1.4 Strata: groups within the data, grouped by mutually exclusive characteristics (stratum for singular)
The necessary condition to meet for all strata is to make sure that one stratum is mutually exclusive to another stratum. In NSHAP’s W2 case, there are 56 strata, all with a pair of clusters within a stratum. The extent of mutual exclusivity also depends on the research goals. Some examples can be sizable municipalities or a minority group (e.g. the very rich). To visually see what the strata do, below shows data that is sorted alphabetically (where grouping does not matter) and sorted by groups (where names do not matter), highlighted randomly:
Name(sorted) | Stratum | Name | Stratum (sorted) | |
---|---|---|---|---|
A | 3 | | | A | 1 |
B | 1 | | | D | 1 |
C | 2 | | | C | 2 |
D | 1 | | | F | 2 |
E | 3 | | | A | 3 |
F | 2 | | | E | 3 |
The left side is simple random sampling, whereas the right side is randomly picked within stratum. Although both has same number of samples, picking randomly within strata ensured that all groups are represented in the data to reduce bias in our results – for example, the very rich. Hooray! But…

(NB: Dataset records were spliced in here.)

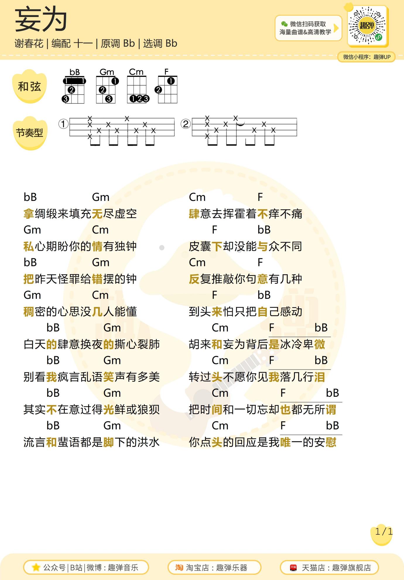 妄为尤克里里谱_谢春花
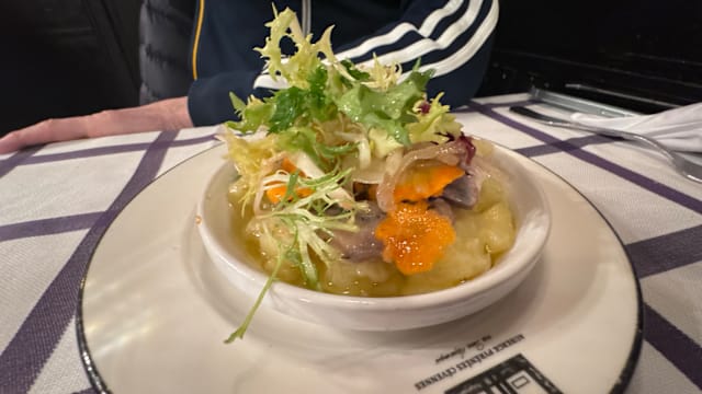 9.5/10We had a wonderful dinner. We ordered a menu and all dishes were very good and the wine selection did not disappoint. Great service, professional and knowledgeable. Authentic French cooking at its best. Would go back when next in Paris. Everything was delicious but the soufflé we got for dessert in a little copper pot was simply excellent.
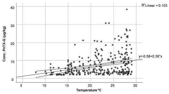 For PnTX-G, a more in-depth study regarding its concentrations and temperatures was carried out. Figure 4 represents how the concentration of PnTX-G (µg/kg) varies with temperature, with a linear relationship observed between both variables. As the water temperature increased, so did the concentration of this toxin, reaching high values of 3.65 µg/kg at 20 °C until reaching maximum concentration values of 38.43 µg/kg around 28 °C. The minimum concentration was determined to be 2 µg/kg at 12.5 °C.
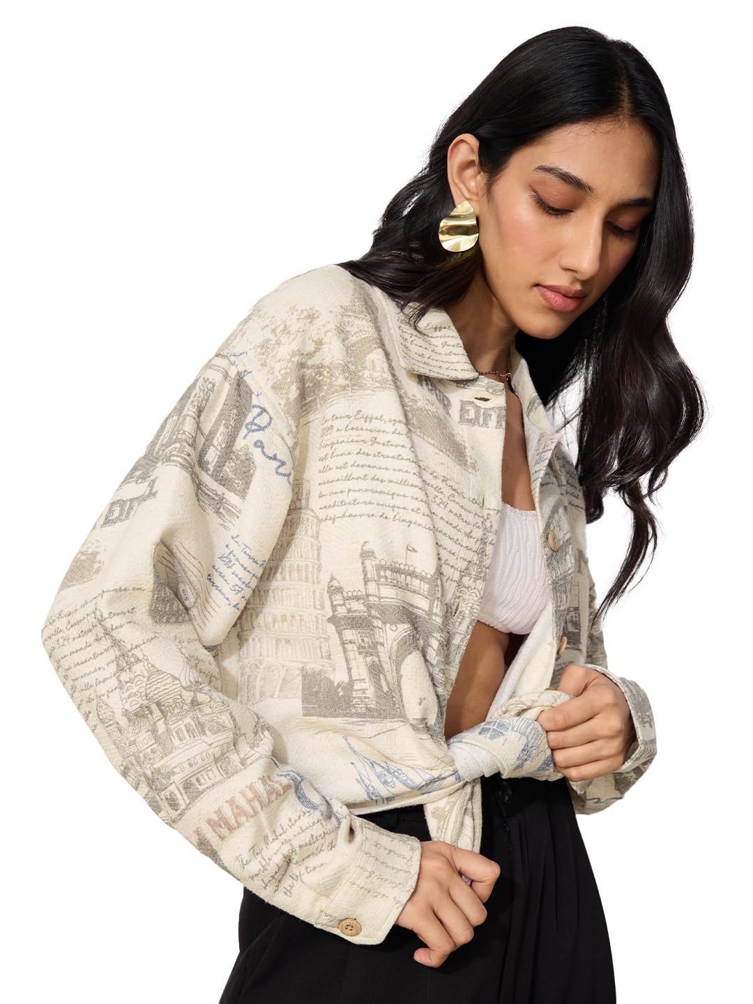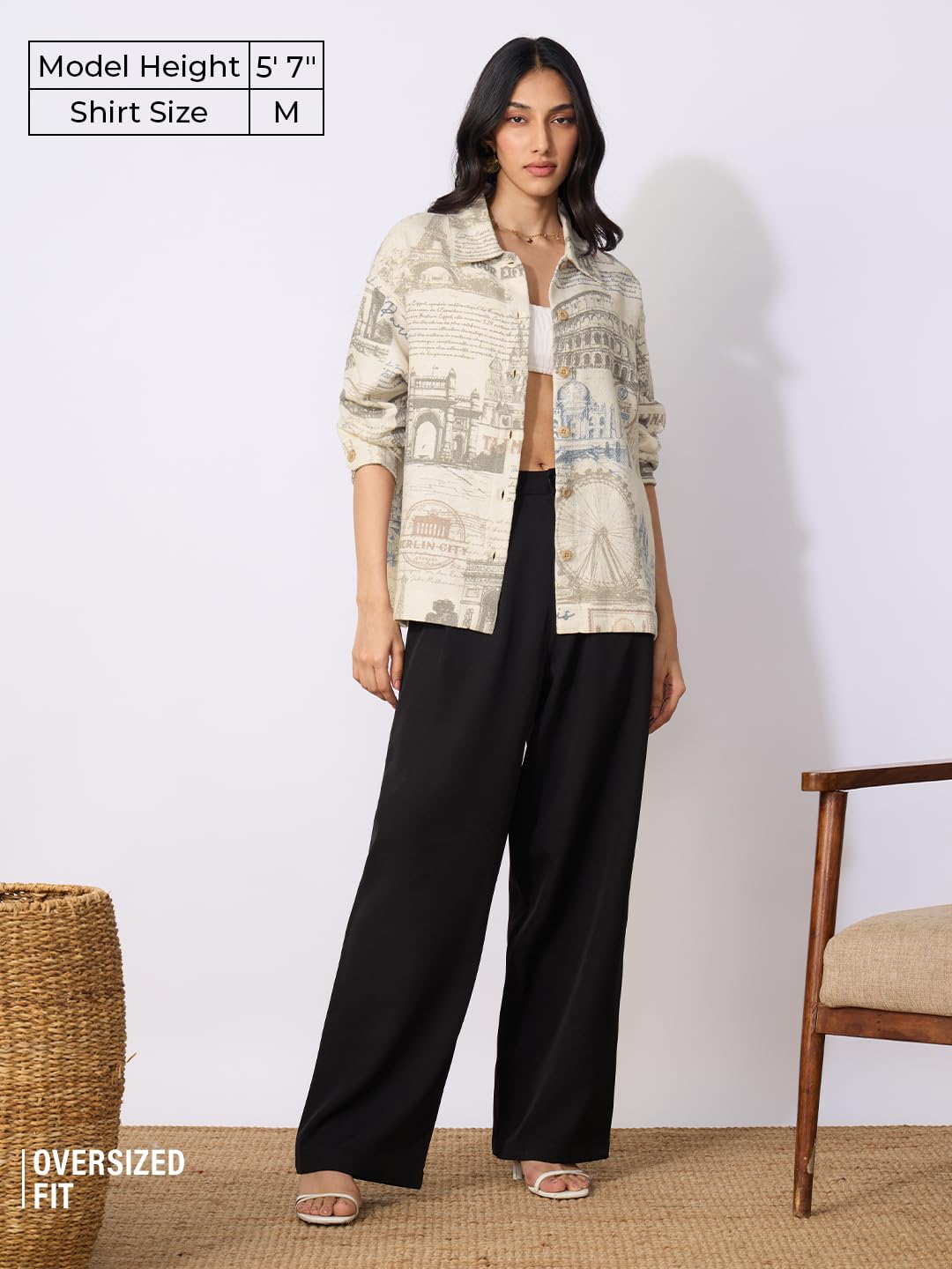 The Souled Store Monuments Women and Girls Long Sleeves Collared Neck Button Front Biege All Over Printed Cotton Boyfriend Shirts
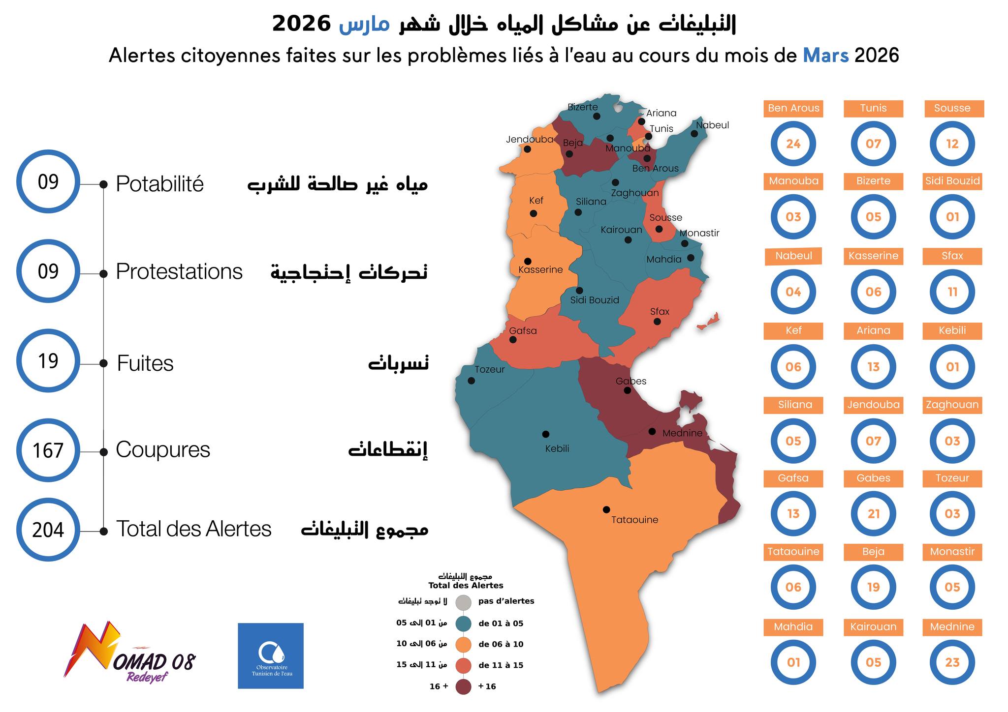 سجّل المرصد التونسي للمياه خلال شهر مارس 2026، ما مجموعه 167 إنقطاعاً وإضطراباً في توزيع المياه الصالحة للشرب بكامل ولايات، في مؤشر متواصل على تفاقم أزمة التزوّد بالمياه في عدد من الجهات.
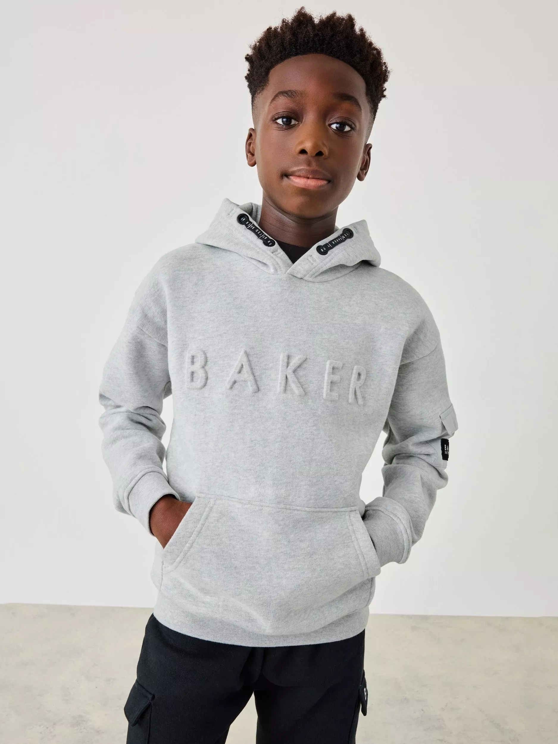 Made in a soft cotton blend, the classic winter essential has the iconic Baker branding embossed on the front with a pocket on the sleeve that has a branded badge on it and a kangaroo pocket on the front. Team it with jeans and trainers for the perfect playtime outfit.
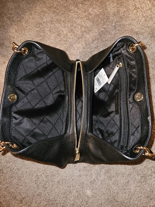 MK pocketbook have organization down pat! This bag with 3 compartments is no ask big as other MK bags but is designed with 3 compartments for ease of use. One problem is MK has gone cheap by removing inside pockets for eyeglasses and sunglasses. They removed all in other bags and I think they lost sales for their removing liner and cheapness. Glad old style is returning.
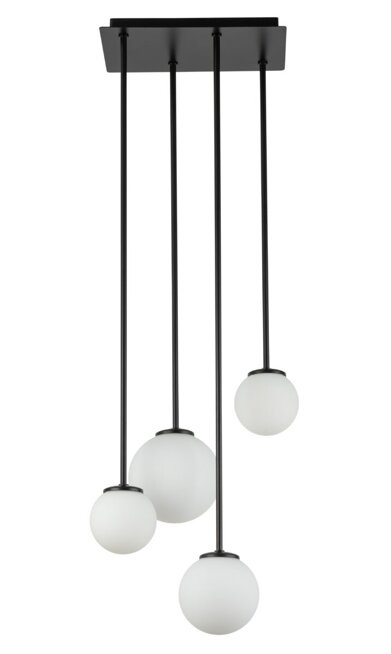 - Lampa zakończona okrągłymi, mlecznymi, szklanymi kloszami.
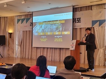 | ▲ 장병수 밀양시문화도시센터장이 밀양시 문화도시 조성사업의 주요성과를 발표하고 있다. (사진=밀양시청 제공) |
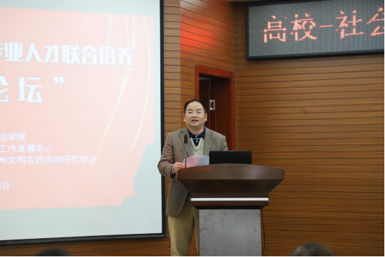 贵州大学公共管理公司党委书记,中国社会工作教育协会副会长、贵州省社会学会会长、贵州省社会工作协会会长庄勇教授进行了题为“校社协同共建社会工作专业人才培育新机制”的主旨演讲。他回顾了贵州社工专业人才培养模式从早期的高校主动嵌入式发展到中期的校社合作“引进来”和建立实习实践基地将员工职业素养教育“重心前移”,再到当前的项目化运作下的“校、政、社”U-G-N三方协同培养模式的发展脉络,指出当前社工教育存在的三大错位并提出相应建议。庄教授最后强调应通过行动研究探索校社联合培养社工专业人才模式的长效机制。

1.5 Weights: solution for including data that’s highlighted and not highlighted in the tables above
The problem from the above strata example is that we are ignoring the data that are not highlighted and we definitely do not want to lose any information. Another problem we have is that clusters come in different sizes (try the command bysort cluster: count
). In order to solve both problems at once, we assign weights to the observations – undersample if there are many (e.g. bigger populations), over sample if there are too few (e.g. the very rich). There are different formulas for the weights depending on research objectives (for example, “proportionate allocation” and “Neyman allocation” for strata).
NSHAP uses weights for different strata (try the commands bysort stratum: sum weight_adj weight_sel
and you can see the mean weight assigned to that particular stratum; and similarly, you can bysort cluster...
). For both weight variables, whichever command it may be, use the option pweight
in Stata. So an example command could be
. regress hearn age [pweight = weight_adj], vce(cluster cluster)
*** or in the short form
. reg hearn age [pw = weight_adj], vce(cl cluster)
where vce option readjusts standard errors for correlation within the cluster. This cluster option should not be used if you have too few (say 20 or fewer) clusters; it pretty much becomes robust standard errors (which is not inherently a bad thing, but cluster standard errors should be different than robust standard errors).
In the simplest form of an example to explain a type of a (probability) weight (smotes variant in Python alone has 85 oversampling techniques!), a simple oversampling formula is:
\[W_J = \frac{number\ of\ samples\ in\ stratum\ j\ given\ certain\ characteristics}{population\ size\ in\ stratum\ j\ given\ certain\ characteristics}\]
where number of samples is how many interviews are completed in that stratum, and population size is given by the census for that stratum. The \(W\) (similar to weight_sel
or weight_adj
variable in Stata) determines how light (below 1) or heavy (above 1 – oversampling a rare observation) the observation should count.